My rating: 5 of 5 stars
Having finished G.K. Chesterton’s The Dumb Ox for my book club, I thought it would be good supplementary material to read a more straight forward biography of this saint. Chesterton is amusing and clever and did a fine job of making me appreciate Aquinas, but he obviously was counting on the reader to already know the basics. As I know only a smattering of legends, I needed more! Based on reading de Wohl’s The Restless Flame about Augustine, I thought he’d be a good source for Aquinas’s life story.
I chose wisely, because I thoroughly enjoyed The Quiet Light, which spent as much time on the Aquino family and their Holy Roman Emperor problems as it did on youngest, determined son Thomas. My admiration for De Wohl only increased as I saw how he used both storylines to paint a full picture of the times. Thomas in Paris proved, as his teacher Albert the Great predicted, that “this dumb ox” had a roar that would be heard throughout the world, while English knight Piers headed off to (St.) King Louis’s court in Paris. Simultaneously St. Bonaventure was being called upon to defend the Franciscans. I had no idea that all these saints were contemporaneous. I especially appreciated the rare mentions of Aquinas and Bonaventure’s mutual respect and friendship, always coupled with how very different both were from each other.

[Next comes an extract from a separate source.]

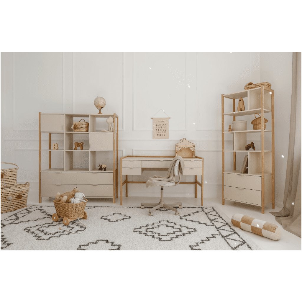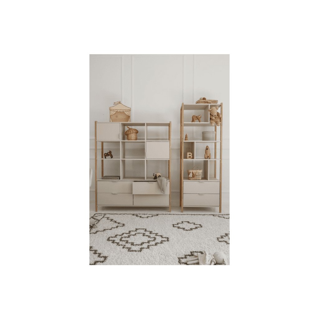 A praktikus és stílusos , alacsony és széles VERSA polc ideális kiegészítője lehet egy gyerekszobának és egy modern otthonnak. A világos latte árnyalat és a natúr fa kombinációjának köszönhetően friss, légies hatást kelt , ugyanakkor elegendő helyet biztosít tároláshoz és dekorációhoz. A polc két fiókkal, két ajtóval és három nyitott polccal rendelkezik. A VERSA polc segít egy letisztult és rendezett teret létrehozni , ahol minden kéznél lesz. Időtlen kialakításának köszönhetően nemcsak praktikus megoldás, hanem elegáns belső kiegészítő is. Válassza a széles VERSA polcot , és ötvözze a funkcionalitást a modern esztétikával.

On a personal level, I was inspired by Thomas’s ability to let insults slide off, simply ignoring them. This goes hand-in-hand with reading Fire of Mercy, Heart of the Word about the beatitude discussing meekness. It said that meekness is not being a doormat but is the ability to always be open to the opportunity to do good, to turn evil into a work for God. Methinks there is a very powerful message for me in all this.
I am not sure when De Wohl wrote this in relation to his book about St. Augustine, but this one showed considerably more expertise in conveying information while keeping the reader engaged. Although St. Thomas is seen relatively rarely in the overall story, it has the effect of making the impact much greater. I may never forget the vivid description of him dismantling the opposition’s faulty treatise in front of the board of cardinals. I read it three times for the beauty and clarity of the passages.